If you were applying clustering you could also treat the categorical labels as points on an axis (1,2,3,4,5 etc), scaled appropriately to the other features.
I'm using the SVM classifier in the machine learning scikit-learn package for python.
My features are integers. When I call the fit function, I get the user warning "Scaler assumes floating point values as input, got int32", the SVM returns its prediction, I calculate the confusion matrix (I have 2 classes) and the prediction accuracy.
I've tried to avoid the user warning, so I saved the features as floats. Indeed, the warning disappeared, but I got a completely different confusion matrix and prediction accuracy (surprisingly much less accurate)
Does someone know why it happens? What is preferable, should I send the features as float or integers?
Thanks!
You should convert them as floats but the way to do it depends on what the integer features actually represent.

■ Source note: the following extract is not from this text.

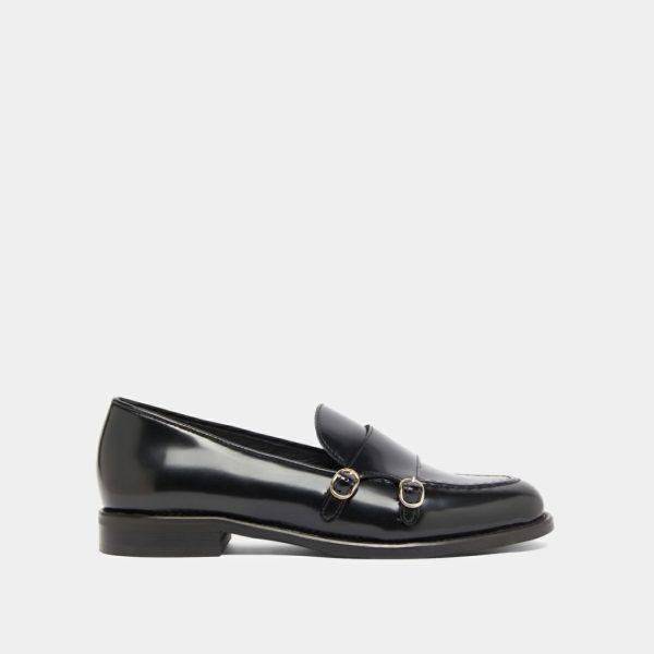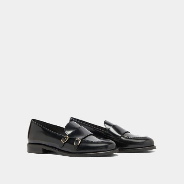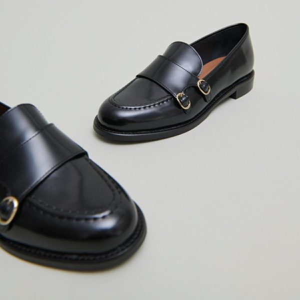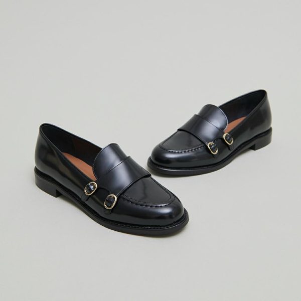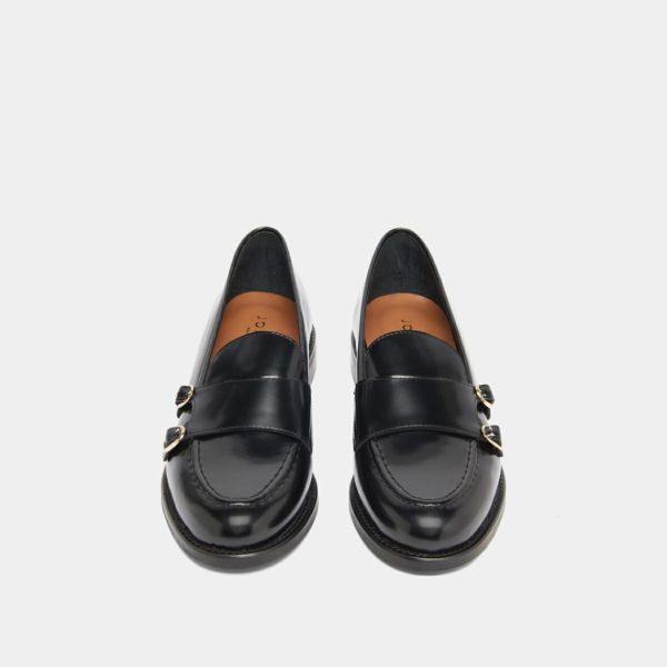 Jonak Women’s DRIZZA Black Glazed Leather Buckle Loafers

What is the meaning of your integers? Are they category membership indicators (for instance: 1 == sport, 2 == business, 3 == media, 4 == people...) or numerical measures with an order relationship (3 is larger than 2 that is in turn is larger than 1). You cannot say that "people" is larger than "media" for instance. It is meaningless and would confuse the machine learning algorithm to give it this assumption.
Categorical features should hence be transformed to explode each feature as several boolean features (with value 0.0 or 1.0) for each possible category. Have a look at the DictVectorizer class in scikit-learn to better understand what I mean by categorical features.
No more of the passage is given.